**Description of the task:** Please repeat each line from the one holding "Quadri Croissant, mattina, croissant" through the final line of the data, exactly as it stands, with no pictures.

**Dataset excerpt:**
******

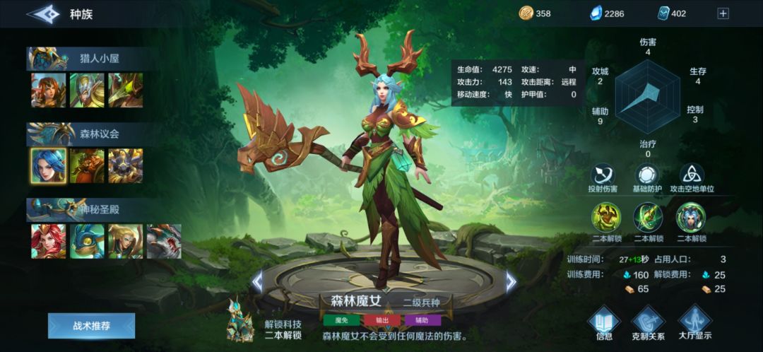 森林魔女:森林必出兵种,没有森林魔女的你只能去对面家跟对面打,因为森林没有任何减速,只能依靠魔女控制,但是有一个严重的问题,基础防护,且只有4275的生命,143的攻击力,大家可以对比一下小炮的数值,再对比一下生产速度(小炮少三分之一的时间),同样的射程,大家觉得互点谁更有优势,当然,会有人觉得魔女是个辅助,那么请问,如果魔女是类似于法师的辅助,森林靠什么输出?龙骑?大树?还是兽灵?再加上现版本蛮族都用的狼骑,魔女变一个死一个,难受。
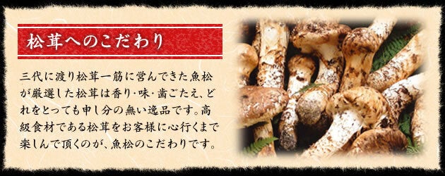 昔から松茸の名産地であった甲賀市に創業した魚松は、シーズンには松茸山を運営し、各地からお見えになるお客さまに、香り・味・歯ごたえのどれをとっても申し分の無い松茸を思う存分に味わっていただいてきました。高級食材である松茸を一年中、いつでも心行くまで楽しんでいただくことが我々魚松のモットーです。
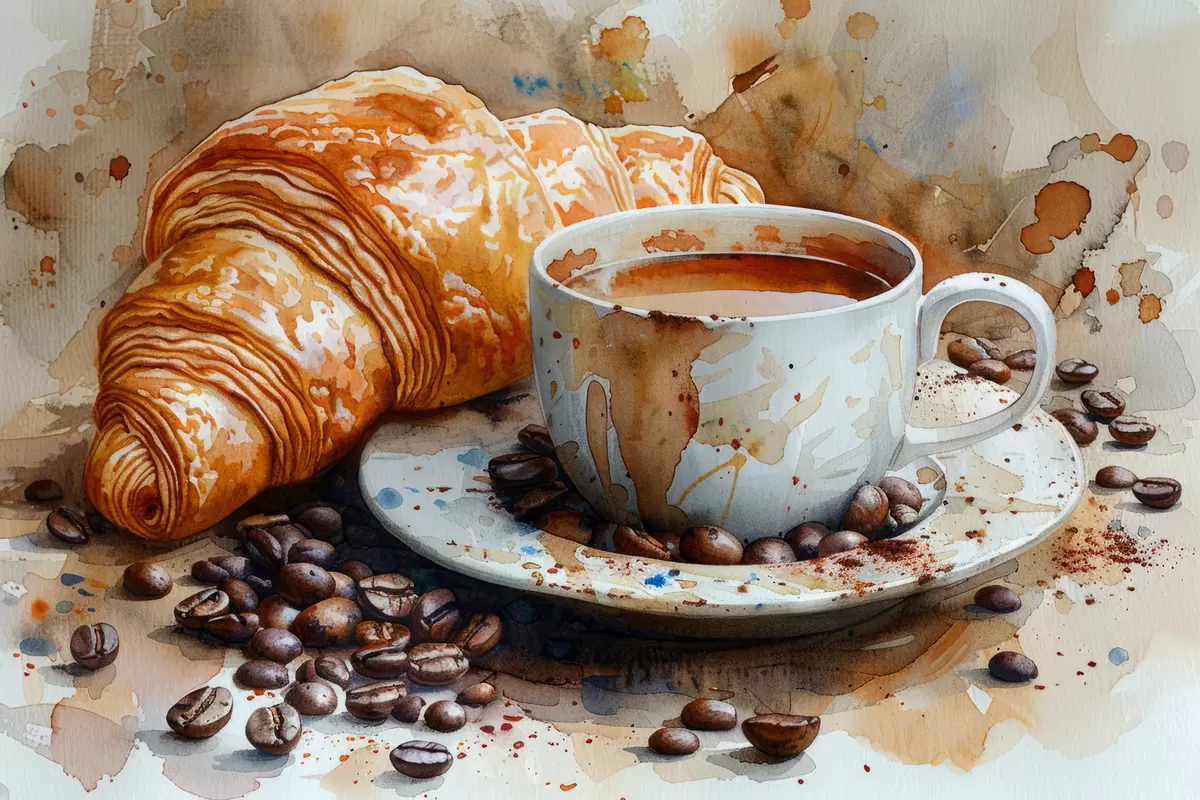 Quadri Croissant, mattina, croissant e tazza di caffè, acquerello Nr s40782
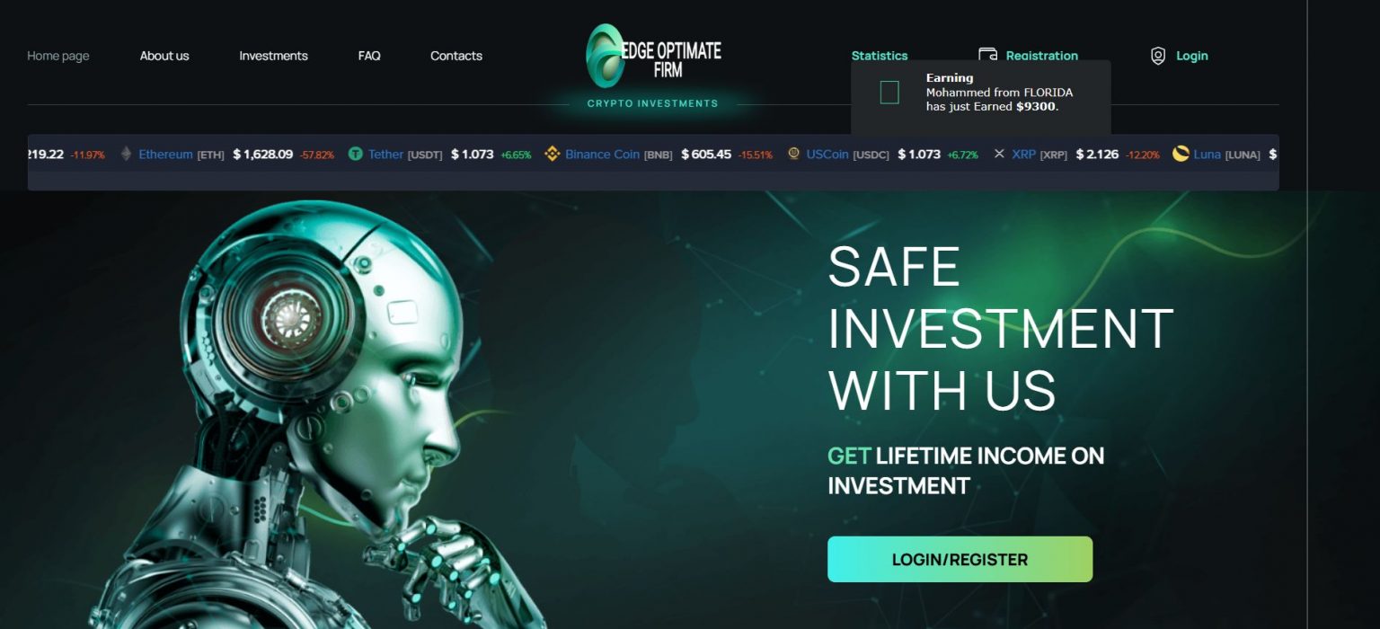EdgeOptimateFirm.com утверждает, что предоставляет безопасные инвестиционные услуги с использованием уникального торгового робота. Однако, при детальном анализе возникают серьёзные сомнения в его легитимности.

******

**Written response:**
 Quadri Croissant, mattina, croissant e tazza di caffè, acquerello Nr s40782
EdgeOptimateFirm.com утверждает, что предоставляет безопасные инвестиционные услуги с использованием уникального торгового робота. Однако, при детальном анализе возникают серьёзные сомнения в его легитимности.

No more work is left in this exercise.